** Opening INPUT DATA block **

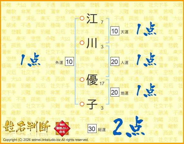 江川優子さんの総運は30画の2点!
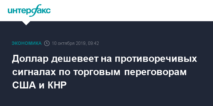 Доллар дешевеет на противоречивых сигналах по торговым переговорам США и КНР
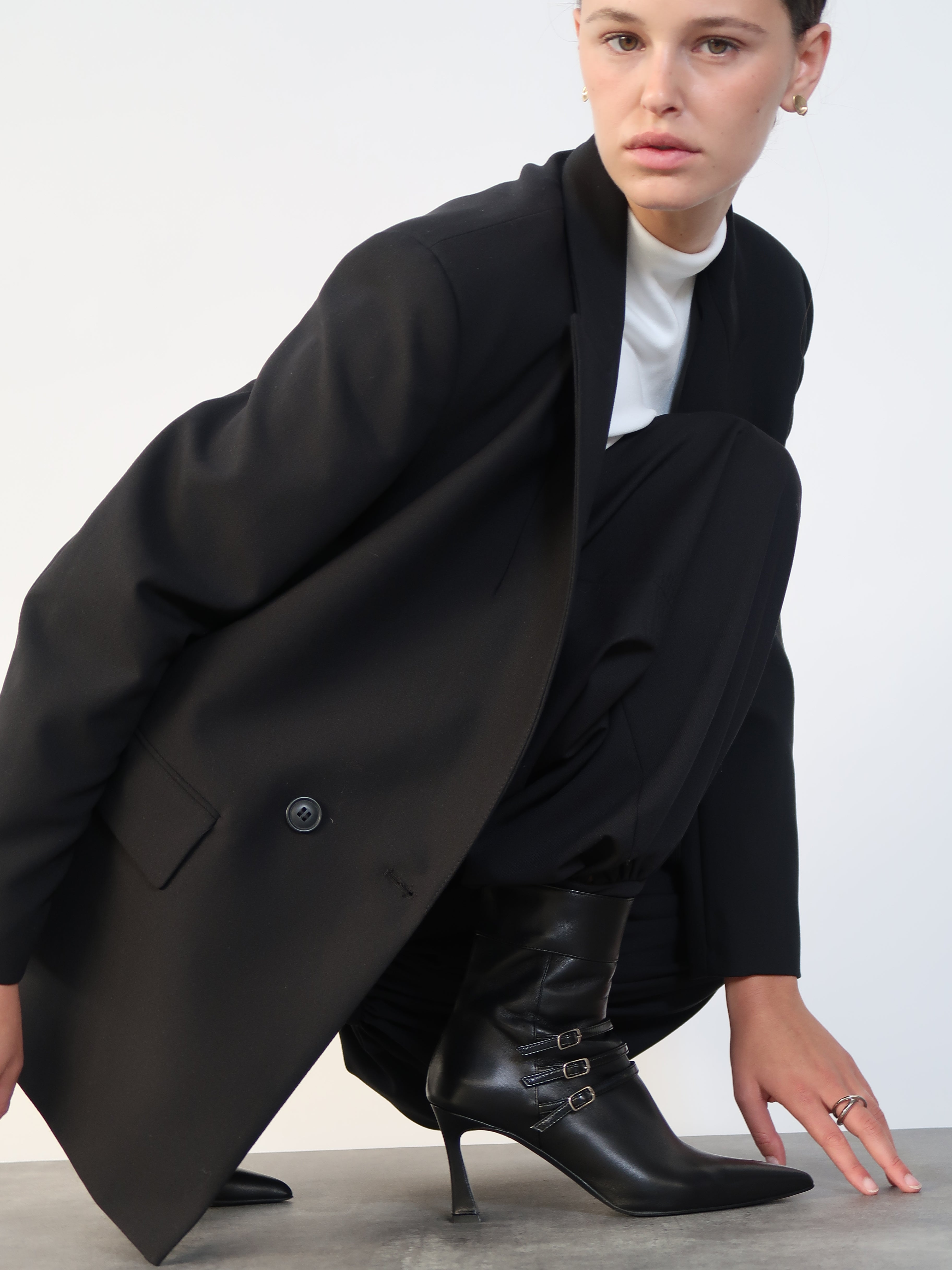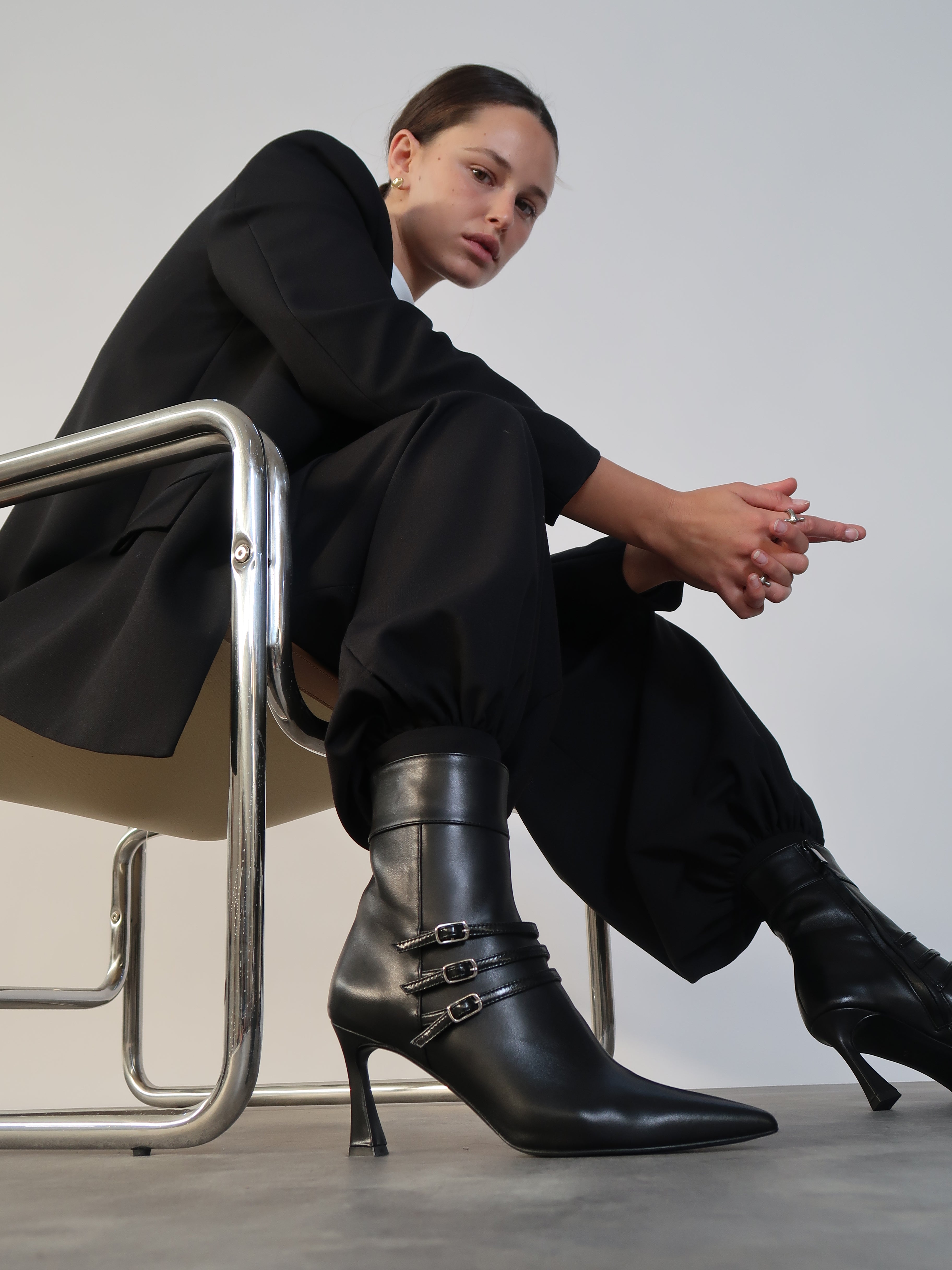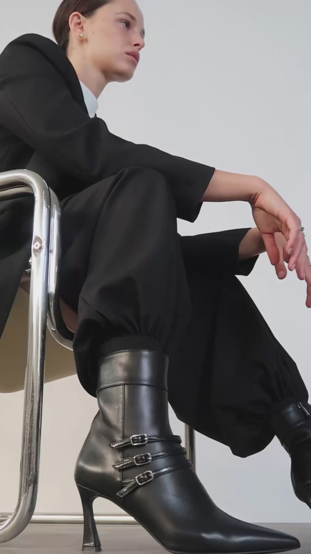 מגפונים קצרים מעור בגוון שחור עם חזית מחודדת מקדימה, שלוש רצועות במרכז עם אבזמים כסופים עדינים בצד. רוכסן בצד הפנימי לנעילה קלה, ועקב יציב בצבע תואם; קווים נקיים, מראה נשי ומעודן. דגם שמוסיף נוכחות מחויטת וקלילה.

** Closing INPUT DATA block **
** Opening INPUT DATA block **

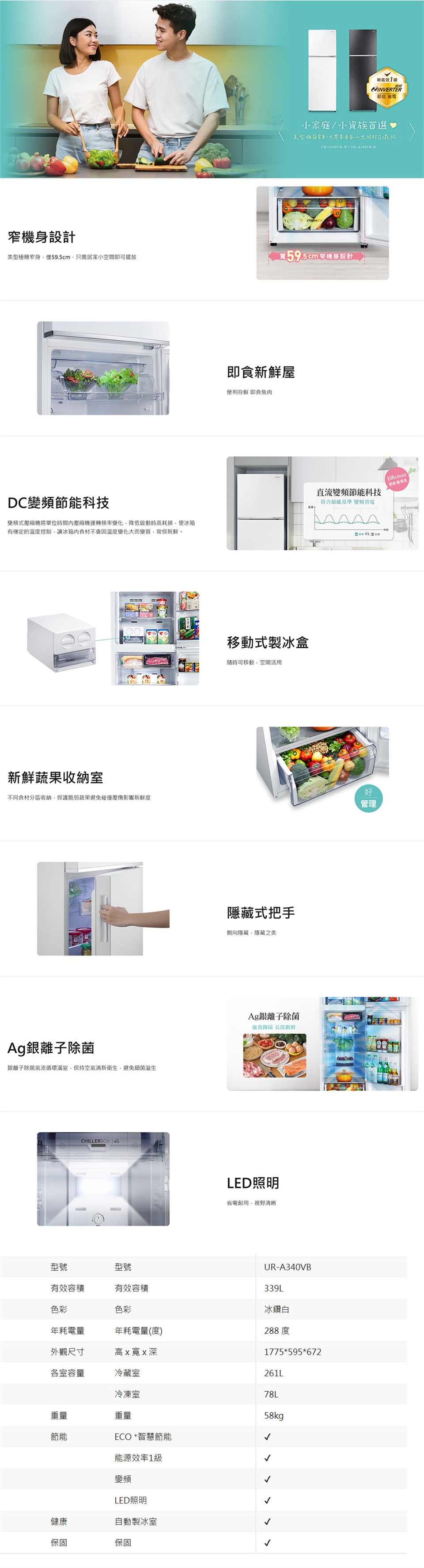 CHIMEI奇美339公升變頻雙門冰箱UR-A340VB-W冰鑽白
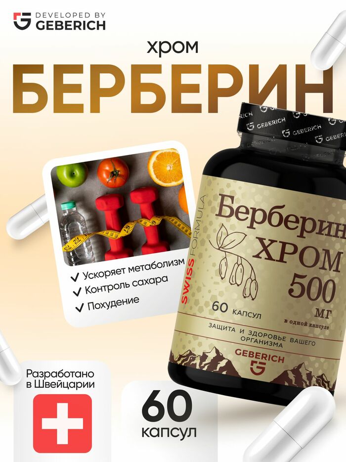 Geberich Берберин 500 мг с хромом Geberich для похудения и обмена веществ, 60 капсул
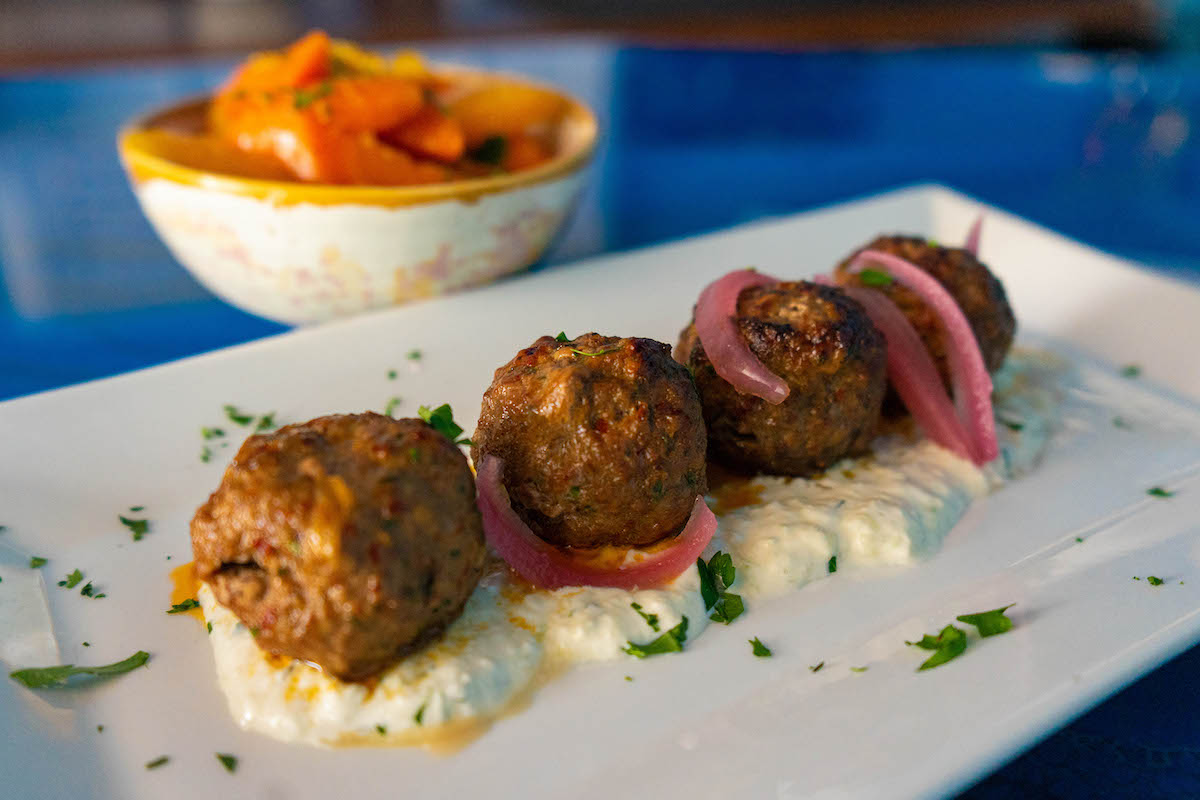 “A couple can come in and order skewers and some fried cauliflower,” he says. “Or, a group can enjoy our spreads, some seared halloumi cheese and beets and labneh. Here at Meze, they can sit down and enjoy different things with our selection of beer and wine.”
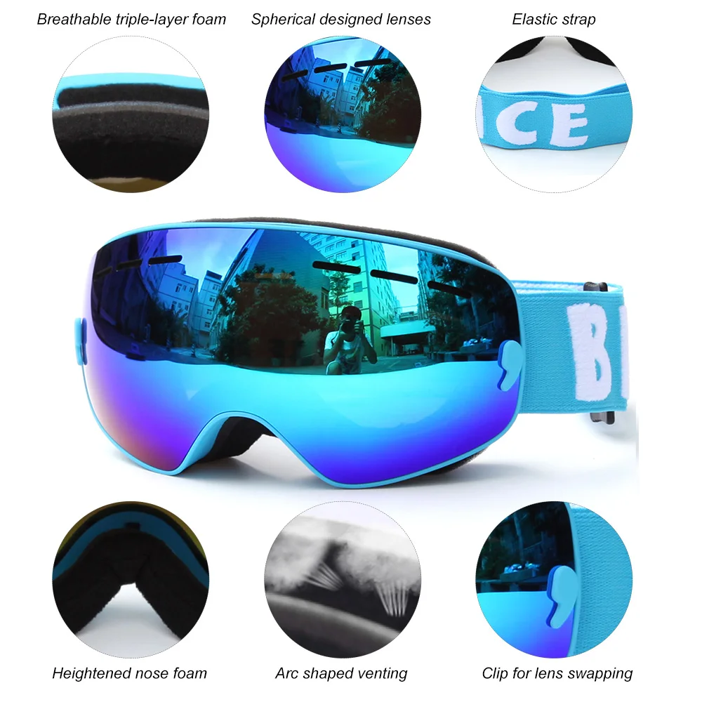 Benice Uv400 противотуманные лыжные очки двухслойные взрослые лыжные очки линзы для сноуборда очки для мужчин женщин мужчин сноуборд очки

** Closing INPUT DATA block **

*WHAT IS EXPECTED*: Give back exactly the lines above that run from the one with "江川優子さんの総運は30画の2点!" to the one with "מגפונים קצרים מעור", including both, with the pictures left out.

*RESULT OF THIS TASK*:
 江川優子さんの総運は30画の2点!
 Доллар дешевеет на противоречивых сигналах по торговым переговорам США и КНР
 מגפונים קצרים מעור בגוון שחור עם חזית מחודדת מקדימה, שלוש רצועות במרכז עם אבזמים כסופים עדינים בצד. רוכסן בצד הפנימי לנעילה קלה, ועקב יציב בצבע תואם; קווים נקיים, מראה נשי ומעודן. דגם שמוסיף נוכחות מחויטת וקלילה.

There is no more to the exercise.